Editor’s note: Jan. 18, 2018 marks the 107th anniversary of the first landing of an aircraft on a Navy ship in 1911. This article was originally published in the July 2011 edition of Aviation History Magazine.
Naval aviation certainly has come a long way in the 100 years since the U.S. Navy committed to purchasing its first aircraft, a Curtiss A-1 Triad (so named because it could operate on land, water and in the air), on May 8, 1911. That first Navy amphibian sported a 75-hp V-8 engine capable of pushing it to a maximum speed of 60 mph. Today Navy F/A-18s boasting twin turbofans max out at nearly 1,200 mph.
On November 14, 1910, Eugene Ely demonstrated that an airplane could be launched from a ship when he flew a Curtiss Model D pusher off a platform built onto the cruiser Birmingham as it lay at anchor in Hampton Roads, Va. The demonstration nearly ended in disaster when Ely plunged to within feet of the water after clearing the deck, damaging his propeller but remaining aloft. (Ely, who couldn’t swim, wore inflated bicycle inner tubes, just in case.) Two months later, on January 18, 1911, he landed the Curtiss biplane on a deck erected on the cruiser Pennsylvania in San Francisco Bay. His landing was aided by a tailhook—the first ever—and arrestor cables attached to sandbags.
Despite Ely’s successful demonstrations, the Navy remained unconvinced of the airplane’s utility until Glenn Curtiss himself demonstrated his “hydroaeroplane” on February 17, 1911, in San Diego Harbor. Curtiss flew the floatplane out to Pennsylvania, and was lifted aboard with a crane. Following lunch with the ship’s officers, the aviator and his hydroaeroplane were hoisted back into the water, and he returned to North Island.

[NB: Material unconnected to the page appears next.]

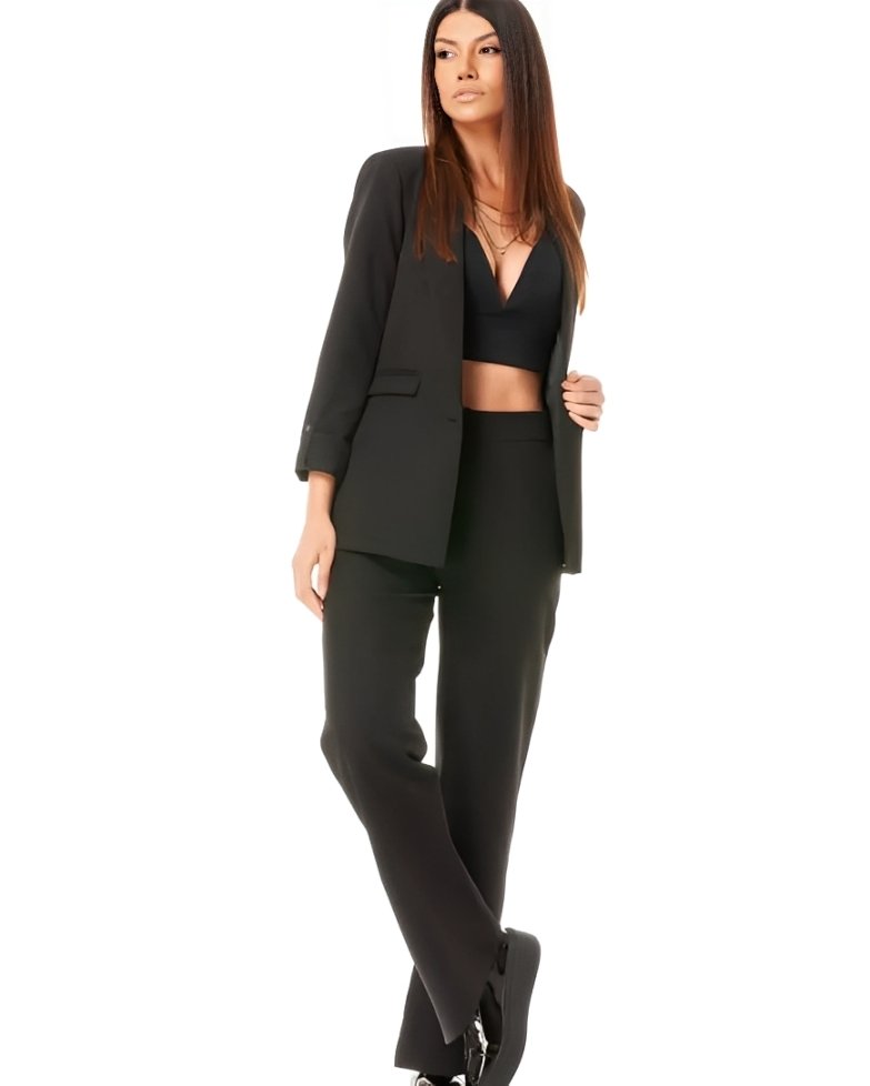Um clássico que nunca sai de moda. O Conjunto Verona Preto une o blazer de corte preciso à calça de alfaiataria reta, criando um visual poderoso, elegante e atemporal — ideal para o trabalho ou eventos sofisticados.

As an article on the Glenn H. Curtiss Museum website observes, “These three significant demonstrations involving the U.S. naval warships pointed the way to future progress in seaplane aviation, anticipating battleships carrying seaplane ‘spotter’ aircraft and, ultimately, carrier-based air operations.” Ironically for Curtiss, whom the museum considers “the father of naval aviation,” the aircraft with which he became most identified—the floatplane and the flying boat—would eventually outlive their usefulness, phased out by the Navy in 1967 in favor of helicopters and special-purpose airplanes.